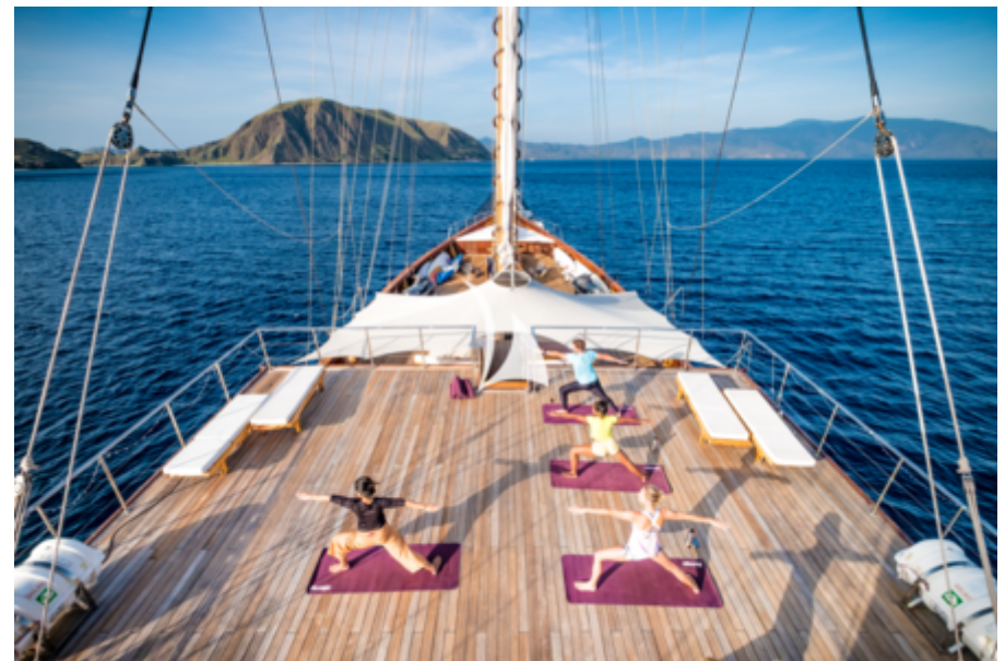
Qualified Yoga instructor onboard
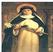
St Catherine of Siena (1347-1380)
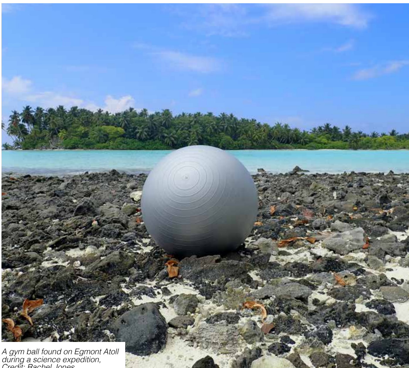
A gym ball found on Egmont Atoll during a science expedition

For more information on project DPLUS090, please click here .
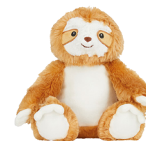
SLOTH 24cm | 0+
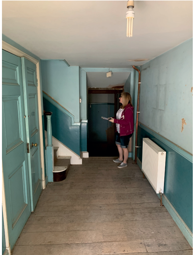
i2_002_14.06.21 linen cupboard removed - new partition
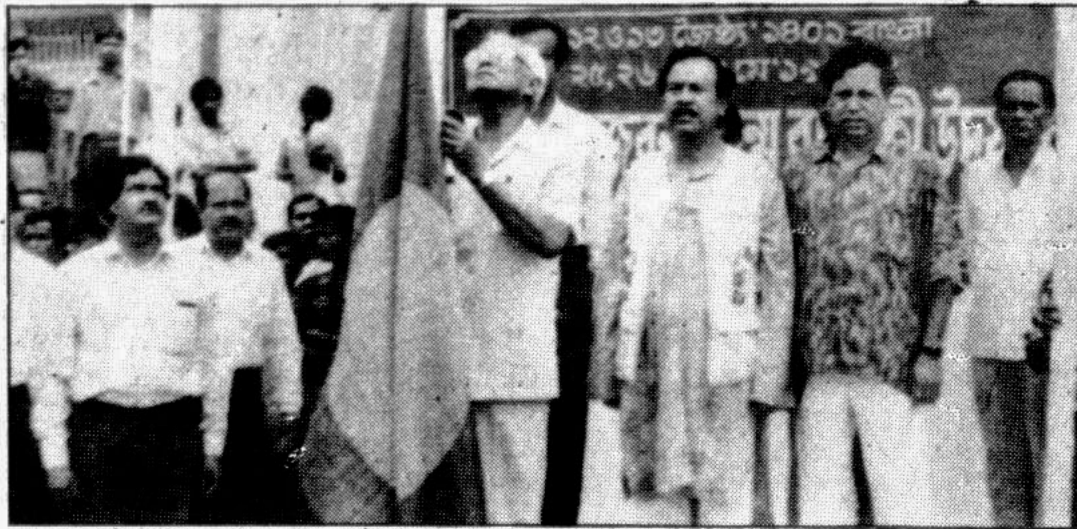
COMILLA: On the occasion of the 95th birth anniversary of national poet Kazi Nazrul Islam a three-day long programme was inaugurated. Agriculture Irrigation & Flood Control Minister M Majid-ul-Haq inaugurated the programme by hoisting national flag at Comilla Town Hall. Environment Minister Akbar Hossain see beside him.

Barguna Zila Sadar Hospital meant for rendering improved medicare to rural people has long been groaning under manifold problems including shortage of beds, doctors, consultants, essential drugs and absence of blood bank, modern surgical apparatus and other essential appliances.
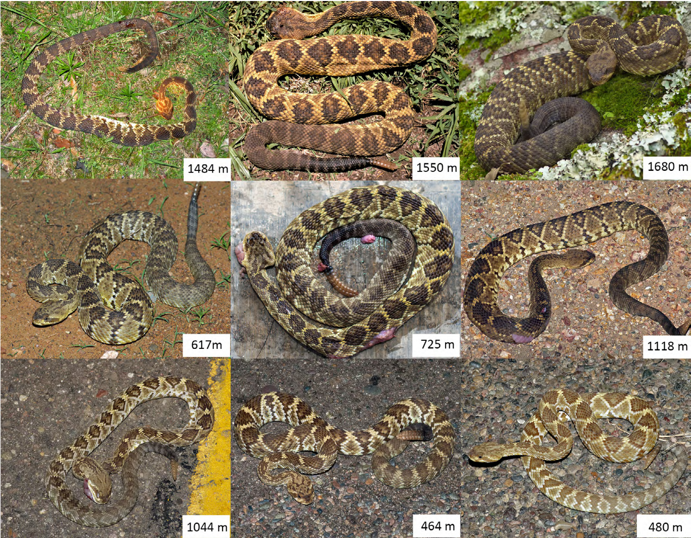
FIGURE 15. Crotalus cf. molossus from the MEX 16 study area showing the color pattern gradient from west to east (left-to-right) and north-to-south (top-to-bottom). Snakes are shown in west-east and north-to-south. Photos by Kevin Bonine (upper left), TRV (upper middle - UAZ 57056-PSV) and EFE, 2004–2008.

Oficial Mexicana, NOM-059-SEMARNAT-2010 (Diario Oficial de la Federación 2010; Table 1). This includes 15 species with Amenazada (threatened) and 21 species Protegida (Pr, special protection) status. Additional species in the Yécora herpetofauna that are rare or have very limited distributions warrant nomination for protection. These include Geophis dugesii , Phrynosoma ditmarsii , Pseudoficimia frontalis , Sceloporus slevini , Storeria storeroides , Sympholis lippiens , Tantilla wilcoxi , and Tropidodipsas repleta .
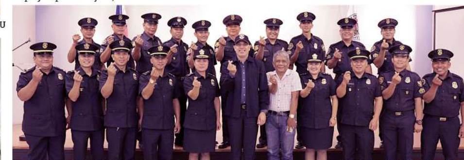
Fire Marshalls from Bureau of Fire Protection (BFP) in the 20 Municipalities in La Union.
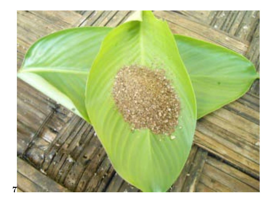
Figure 5: Figure 7:
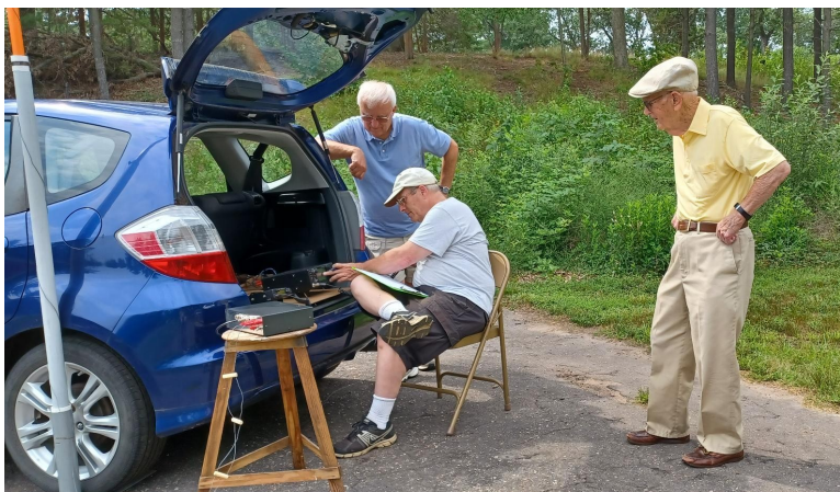
#K-1728 Wharton Brook State Park, KC1HDB, WA1ZVY, KB1JL, KE1AU, KE1AY were among the visitors. The activations were successful. Photo of NZ1J at the helm with KE1AU and KE1AY supervising.
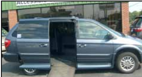
2002 Chrysler Town & Country Limited. VMI Northstar Conversion, with 10" lowered floor, power kneel, ramp, and door. Removable driver and front passenger seats. 4 way tie downs mounting plates. Electric park brake. 800-420-6470 SEPT V22

AIM OF THE EXERCISE - In the listing above, find every line with the word "long" and copy it out.

EXPECTED ANSWER -
COMILLA: On the occasion of the 95th birth anniversary of national poet Kazi Nazrul Islam a three-day long programme was inaugurated. Agriculture Irrigation & Flood Control Minister M Majid-ul-Haq inaugurated the programme by hoisting national flag at Comilla Town Hall. Environment Minister Akbar Hossain see beside him.
Barguna Zila Sadar Hospital meant for rendering improved medicare to rural people has long been groaning under manifold problems including shortage of beds, doctors, consultants, essential drugs and absence of blood bank, modern surgical apparatus and other essential appliances.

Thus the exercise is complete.